For optimum results, tax planning for small businesses should be a year-round process. Yet, many business owners tend to wait until the year-end approaches to plan their taxes when they have a clearer picture of their financial situation. That’s much better than waiting until tax filing season when there

are few opportunities to achieve significant tax savings.

Working with their CPA or tax professional, here are seven tax-saving strategies that most business owners should consider before the year’s end.

Defer year-end income

If your business uses the cash method of accounting as a sole proprietor, S-Corp, or partnership, it’s possible to defer income into the next year to save on current taxes. This can be accomplished by delaying invoices, so payments are not received until 2023. This would not be advisable if you anticipate that your tax rate will increase in 2023.

Accelerate deductions

If you anticipate purchasing supplies or inventory early next year, you can capture the business deduction for 2022 by making the purchases in December. You can also prepay your January utilities or rent in December for current deductions.

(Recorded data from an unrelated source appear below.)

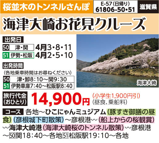 ――彦根港(13:30発)~~船上から眺める海津大崎のお花見遊覧~~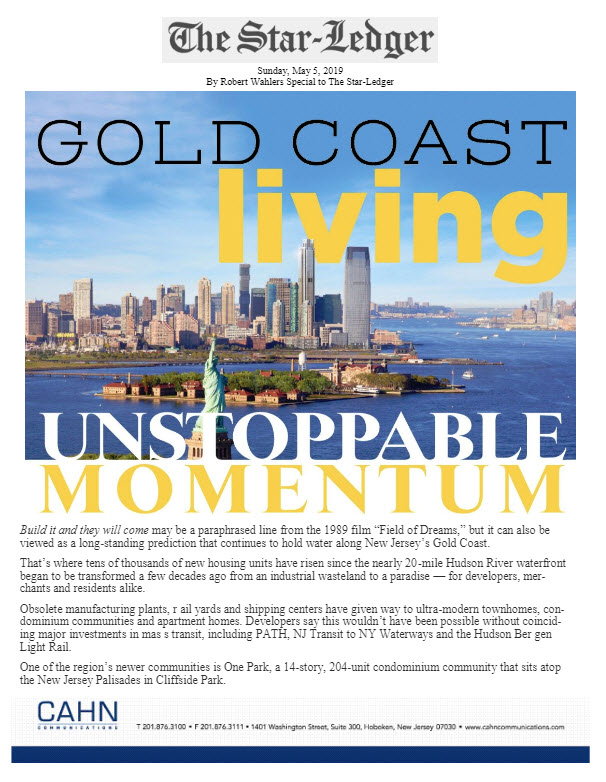 The Star Ledger shines a light on the dynamic NJ Gold Coast which showcased eight of our clients: BNE Real Estate Group’s The Enclave and One Harrison, COA’s 99 Hudson, Ironstate Development Company and Panepinto Properties’ 90 Columbus, The Cliffs Collection, JMF Properties’ Harbor Station South and Harbor View Marketplace in Bayonne, Gulls Cove, Bijou Properties 7 Seventy House and Edge Lofts in Hoboken, Lennar Urban’s Henley on Hudson and 1200 Avenue at Port Imperial in Weehawken, and DMG Investment’s One Park in Cliffside Park.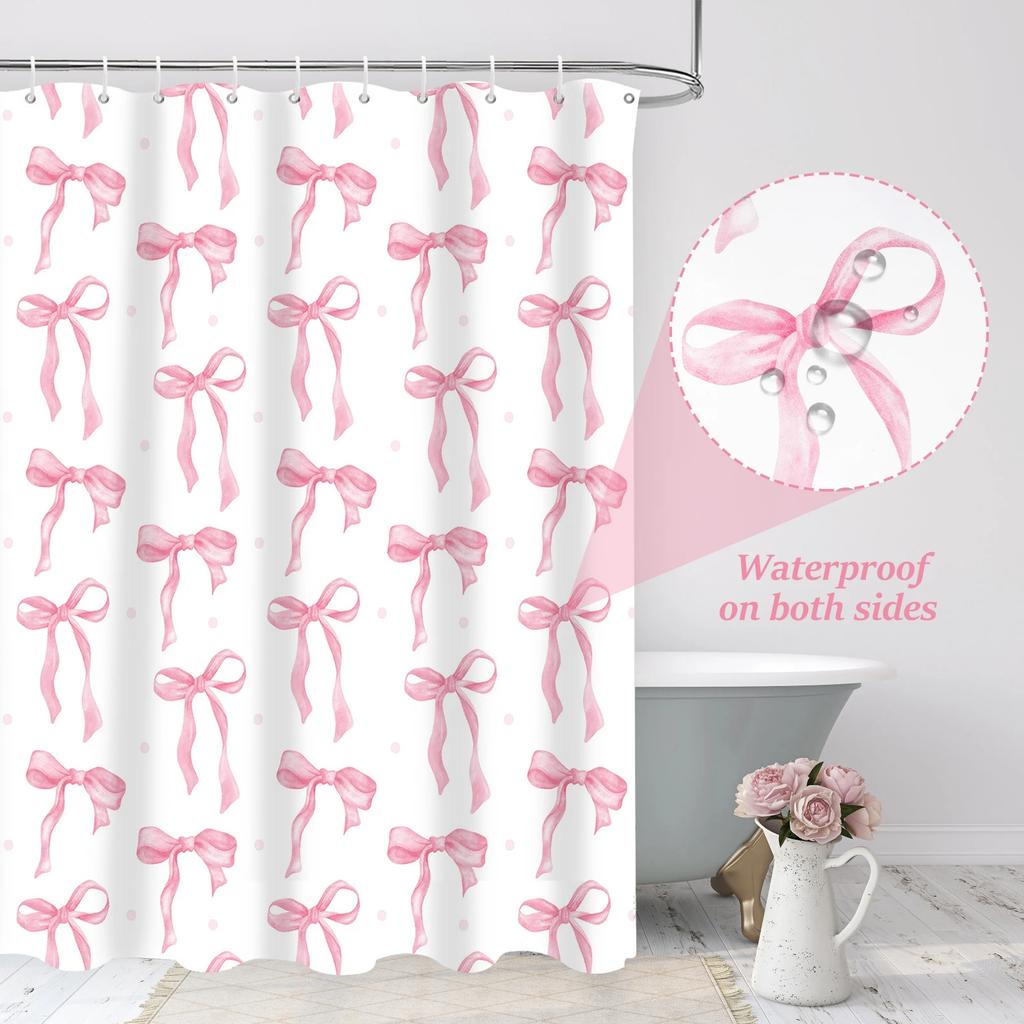 Hot Bow Pattern Shower Curtain Cute Bathing Cat Shower Curtain Waterproof Polyester Fabric Washable Bathroom Decor Accessories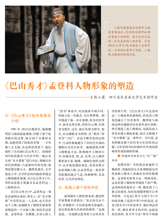 人物形象塑造在戏剧中占据 着重要地位,优秀的戏剧作品都 会塑造个性鲜明、特点突出且具 有一定代表性的人物形象。历史 剧《巴山秀才》成功塑造了孟登科 这一生动的巴蜀秀才形象,人物 特点展现得淋漓尽致。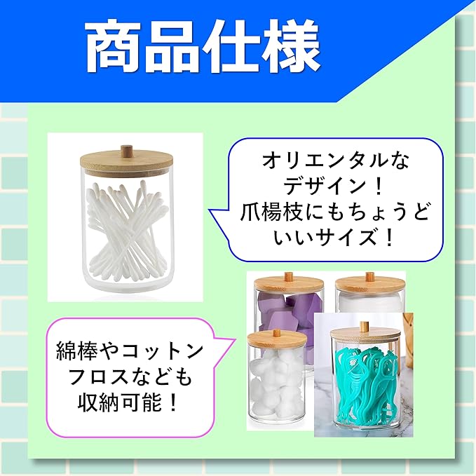 【✨高級感のある綿棒、爪楊枝ケース、フロスホルダー✨】 シンプルでスタイリッシュなデザインの綿棒ケース。透明プラスチック製で中身が見やすく、フタ付きなのでホコリを防ぎ、衛生的に保管できます。綿棒や爪楊枝デンタルフロス、コットンパフなどの収納に最適。コンパクトなサイズで、キッチンや洗面所、ドレッサー、デスク周りにスッキリ収まります。 【 高級仕様&シンプルデザイン 】 無駄のない洗練されたデザインで、どんなインテリアにも馴染む高級仕様。透明な素材を採用し、中身が一目でわかるため、取り出しやすさも抜群。シンプルながらも上品な雰囲気で、化粧品や美容アイテムをスマートに収納できます。 【 ホコリを防ぎ清潔に保管 】 フタ付きの設計でホコリや汚れからしっかりガード。洗面台やドレッサーに置いても、中の綿棒やコットンを清潔に保つことができます。フタは開け閉めしやすく、毎日の使用が快適。 【 コンパクト&大容量収納 】 コンパクトなサイズながら、綿棒やフロス、コットンパフ、ヘアアクセサリーなどをスッキリ収納可能。省スペース設計で、限られたスペースでも邪魔になりません。持ち運びやすいので、旅行や外出先でも便利に使えます。 【 多用途でさまざまなシーンに対応 】 綿棒やフロスの収納だけでなく、コスメ、アクセサリー、ヘアピン、薬、クリップなどの小物入れとしても活躍。洗面所、リビング、オフィスなど、さまざまな場所で使える便利な収納ケースです。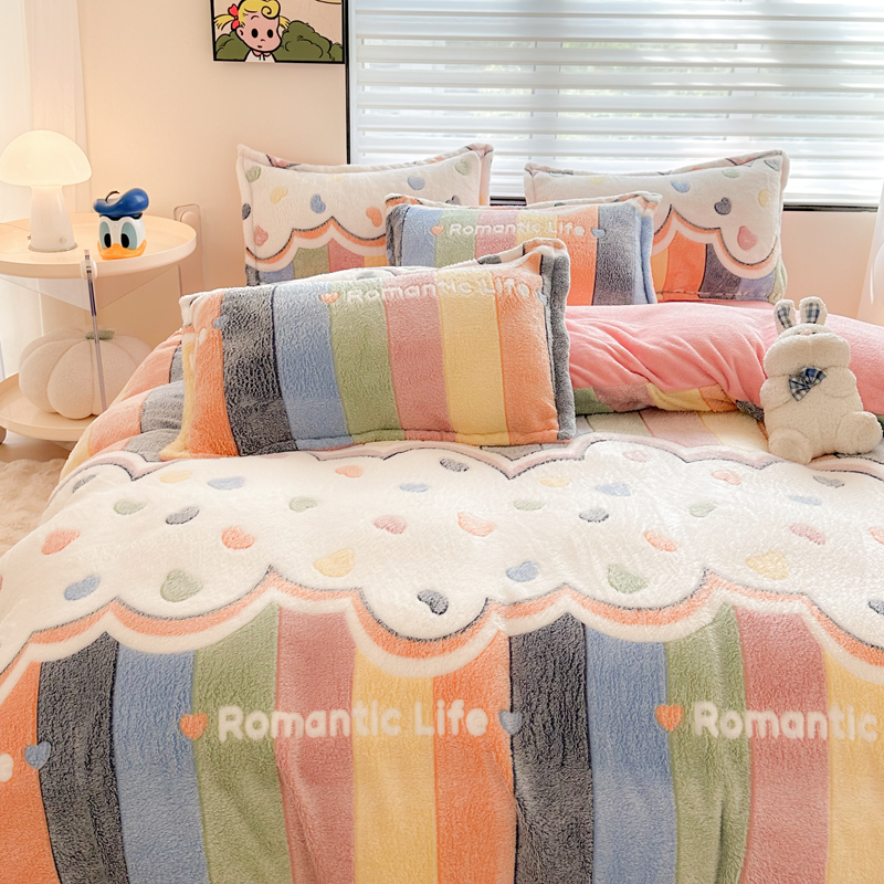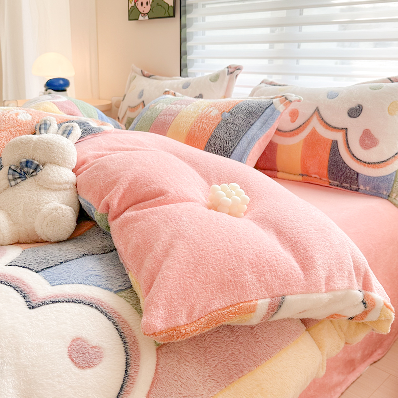 商品名称:美莱 2023爆款雪花绒四件套法莱绒牛奶绒被套量大价格优惠 彩虹

Take advantage of the Section 179 deduction

If you are planning any significant equipment purchases, such as a new computer, a company car, or machinery, accelerate the purchase into the current year to take full advantage of the Section 179 depreciation allowance that allows for accelerated depreciation and a deduction of the total purchase price in the current year.

Write down your inventory

Any inventory sitting on your shelves at the end of the year could be costing you more than if you were to write it off. While you first must offer the inventory for sale, if it doesn’t move, you can take it from the shelf and deduct its fair market value.

Donate inventory to charity

A better option for your excess inventory may be to donate it to charity. A deduction for the fair market value can be taken, resulting in more cash flow through tax savings than if the item were sold at a salvage price or simply junked.

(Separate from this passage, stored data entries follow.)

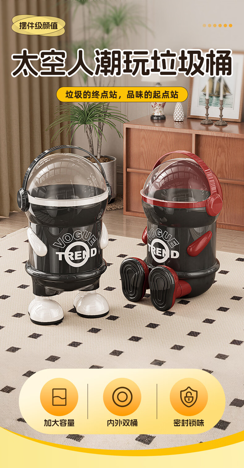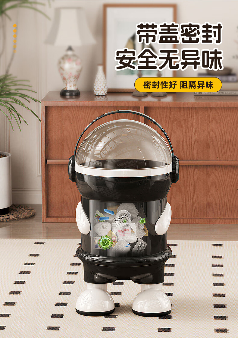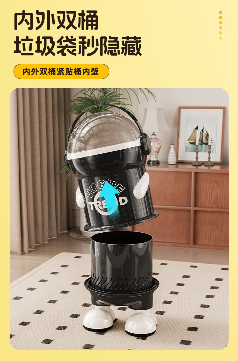 纳份爱垃圾桶客厅家用网红太空人2026新款轻奢高档卧室厕所带盖垃圾篓袋 15L-加厚黑白【站立】内外双桶/掀盖式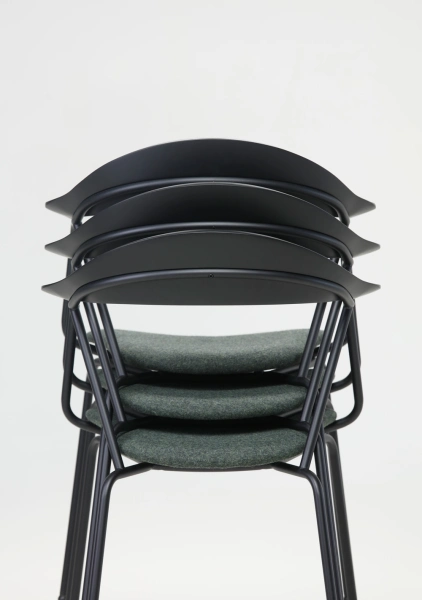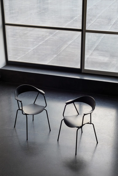 Le défi relevé par sa conception fut de créer une chaise empilable, dotée d’accoudoirs, tout en conservant finesse et élégance afin de permettre d’en disposer plusieurs autour d’une table sans alourdir l’ensemble.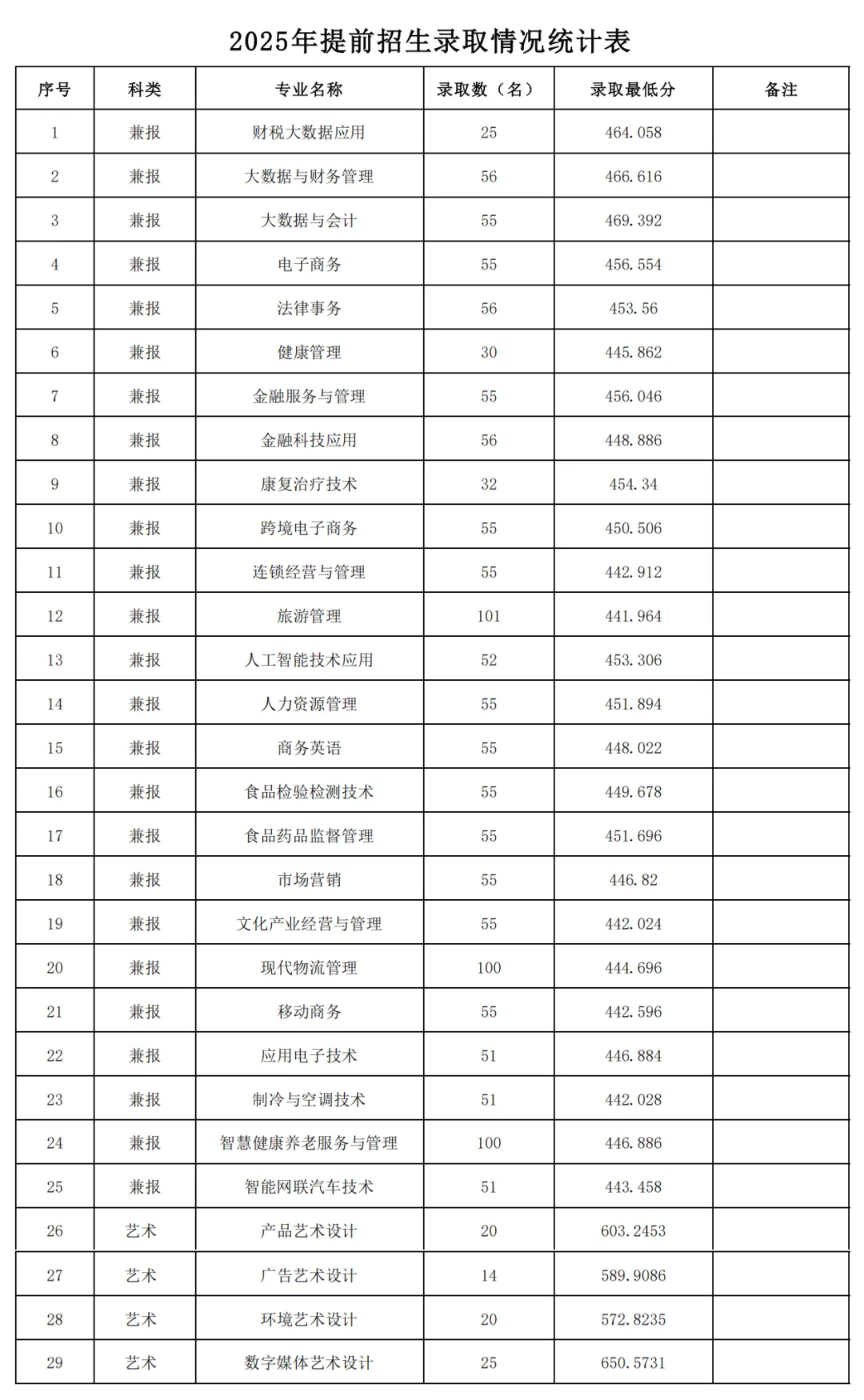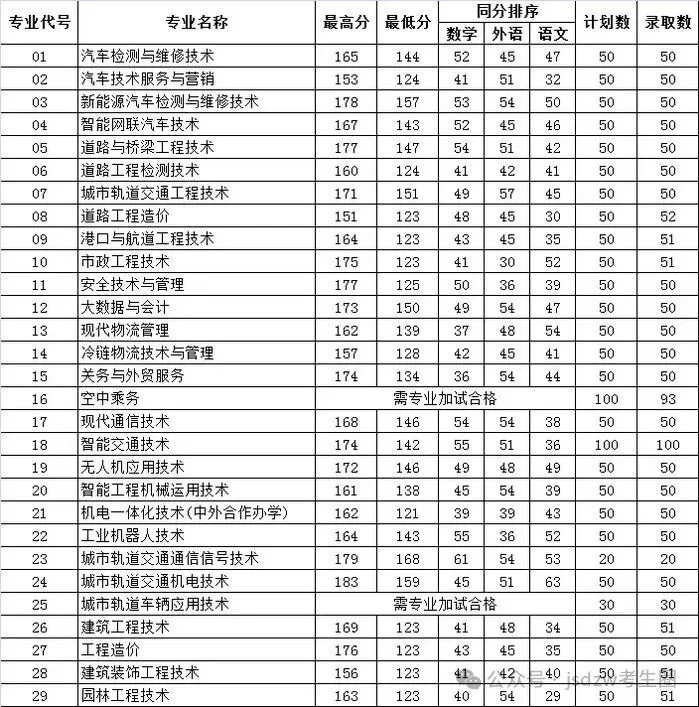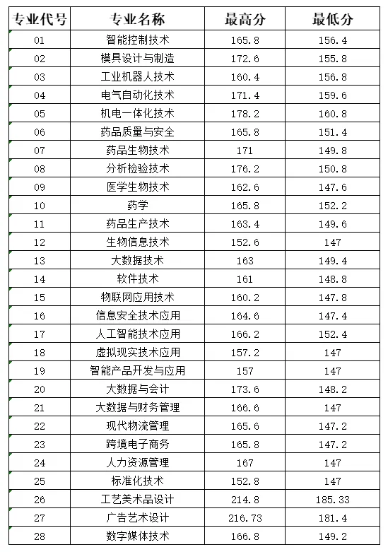 | 专业代号 | 专业名称 | 录取人数 | 录取分 |

Establish a retirement plan

If you have not established a retirement plan, this would be the time to do so, as any contributions made this year can be deducted from your gross income. It would be important to understand the contribution timing requirements because some retirement plans require contributions to be made by October.

Consider a change in your business structure

Depending on where you see your business going next year, you could benefit from a change in your business structure—from a sole proprietorship to an S-Corp or C-Corp. This can be beneficial if you anticipate significant profit increases going forward. Changing your business structure is a major decision with potential long-term implications for your personal and business taxes, so it is advisable to seek the guidance of your CPA or a business planning expert.

This is just an outline of year-end tax-saving strategies, all requiring your deep understanding of whether they are suitable for your situation. Before considering any tax-saving strategy for 2022, it would be essential to work with your CPA or tax professional to see if it has an adverse impact on your 2023 taxes and beyond.